También importa porque enlaza una decisión nacional con un reconocimiento internacional posterior. En 1995, las Cuevas del karst de Aggtelek y del karst eslovaco fueron inscritas en la Lista del Patrimonio Mundial de la UNESCO. Ese paso no surgió de la nada. Fue posible en un contexto en el que ya existían décadas de estudio, delimitación y protección formal del paisaje y de sus cuevas. La declaración de 1973 figura entre los antecedentes institucionales de esa trayectoria.

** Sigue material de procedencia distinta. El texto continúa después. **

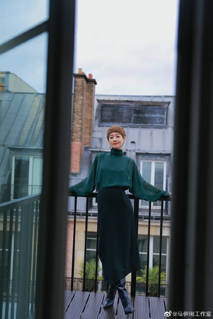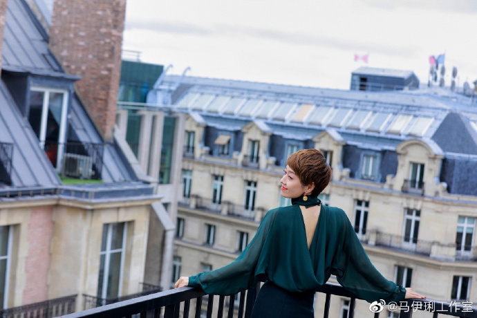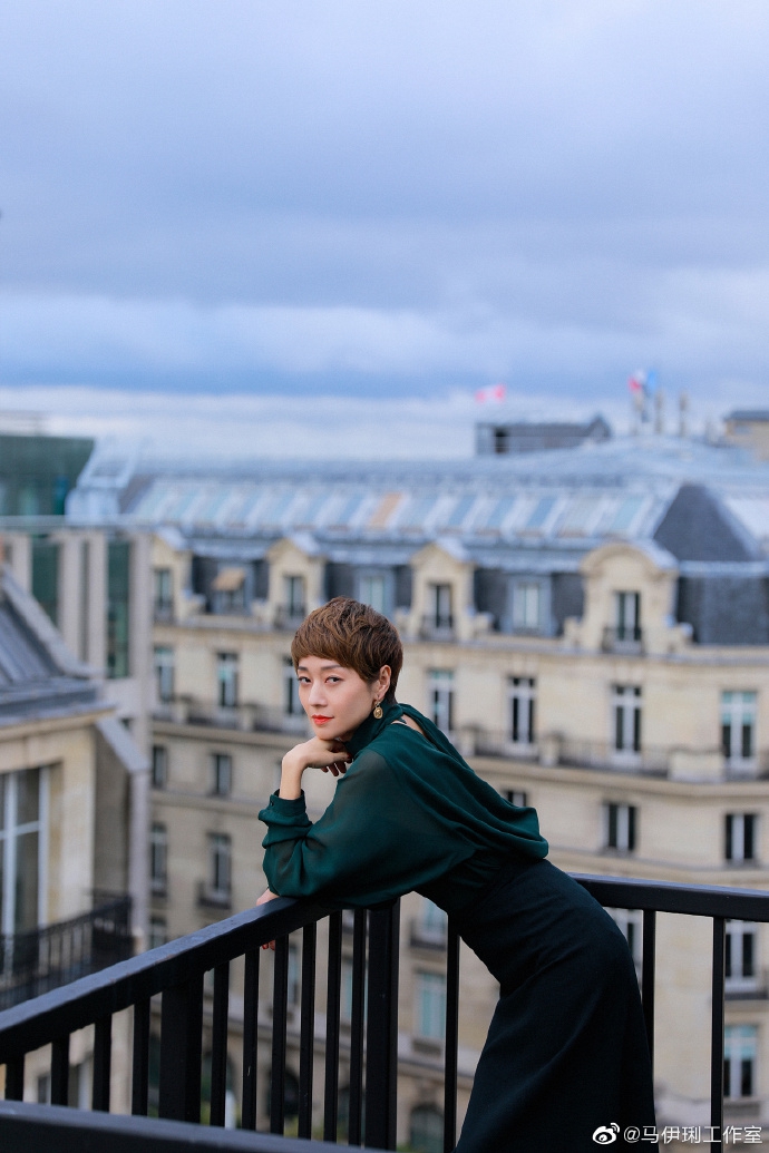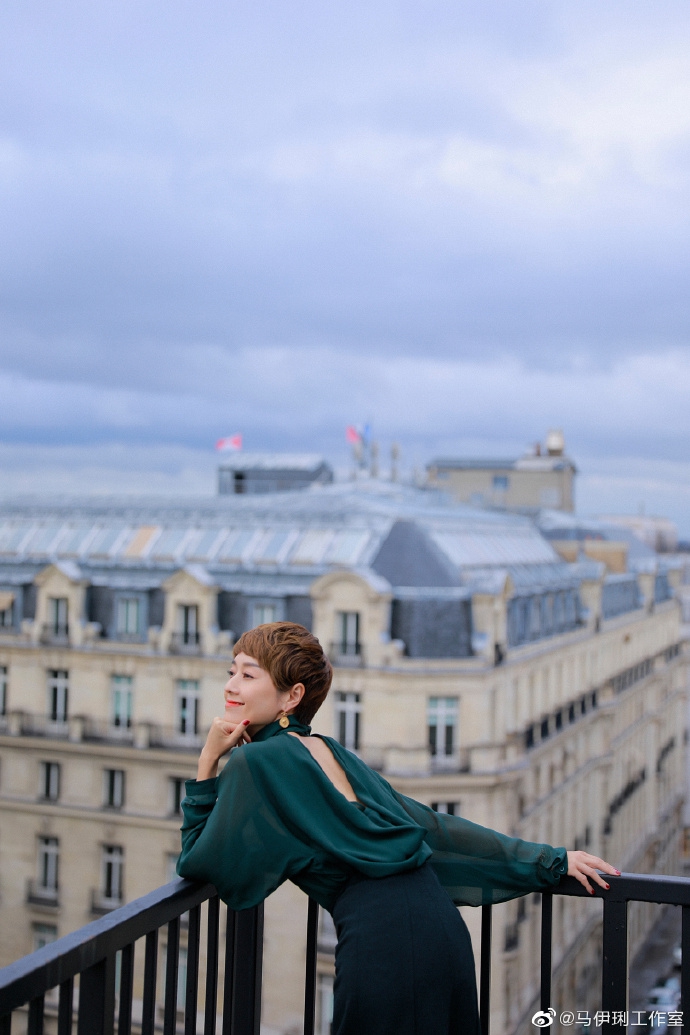 9月29日,馬伊琍工作室曬出一組馬伊琍的照片。照片中,馬伊琍一頭干練短發妝容精致,身穿黑色緊身裙配墨綠色雪紡露背衫,身子傾靠著欄桿笑容甜美燦爛,氣質優雅好身材盡顯。

Por último, el caso recuerda que la conservación de la naturaleza no depende solo de identificar lugares valiosos, sino de crear categorías legales y administrativas capaces de sostener su cuidado con el tiempo. Slovenský kras sigue siendo una referencia porque ilustra cómo una decisión tomada para ordenar la protección de una región concreta puede influir durante décadas en la manera de entender, gestionar y valorar un paisaje compartido entre geografía, ciencia y patrimonio.
Línea de tiempo
- El karst eslovaco es declarado paisaje protegido
- Las cuevas del karst de Aggtelek y eslovaco entran en la lista de la UNESCO
- Se crea el Parque nacional del Karst eslovaco sobre el área ya protegida
Lo que descubriste
Un marco para el paisaje kárstico
No solo completaste un rompecabezas, también reconstruiste el momento en que Slovenský kras pasó a quedar bajo un marco formal de conservación.
La relevancia de la declaración de 1973 no está solo en proteger un lugar concreto, sino en crear una estructura administrativa para un territorio difícil de gestionar por partes. En un paisaje kárstico, la superficie, las cuevas y los hábitats asociados forman un sistema conectado, y esa complejidad exige reglas comunes. Por eso este tipo de categoría protegida también puede servir como base para reconocimientos y medidas de conservación posteriores.
Las cuevas del Karst de Aggtelek y del Karst eslovaco fueron inscritas en la Lista del Patrimonio Mundial de la UNESCO en 1995.
FAQ
¿Qué ocurrió en Slovenský kras el 31 de agosto de 1973?
El 31 de agosto de 1973, Slovenský kras recibió la categoría de Área Protegida de Paisaje en Eslovaquia. Con ello, la región quedó bajo un régimen formal de conservación.
¿Dónde se encuentra Slovenský kras?
Slovenský kras está en el sureste de Eslovaquia, junto a la frontera con Hungría. Es el Karst Eslovaco, una región calcárea.
¿Qué tipo de paisaje es el Karst Eslovaco?
Es una región kárstica de piedra caliza, documentada por cuevas, dolinas y mesetas. También incluye sistemas subterráneos y rasgos geológicos de superficie.
¿Por qué se protegió en 1973?
La designación buscó dar un marco legal más claro a un territorio kárstico amplio y complejo. Así se facilitaba la gestión de su valor geológico, el uso del suelo y la protección de las cuevas.
¿Qué relación tiene con la UNESCO?
En 1995, las Cuevas del Karst de Aggtelek y del Karst Eslovaco fueron inscritas en la Lista del Patrimonio Mundial de la UNESCO. Esa inscripción reconoce el valor compartido de la red de cuevas de la zona.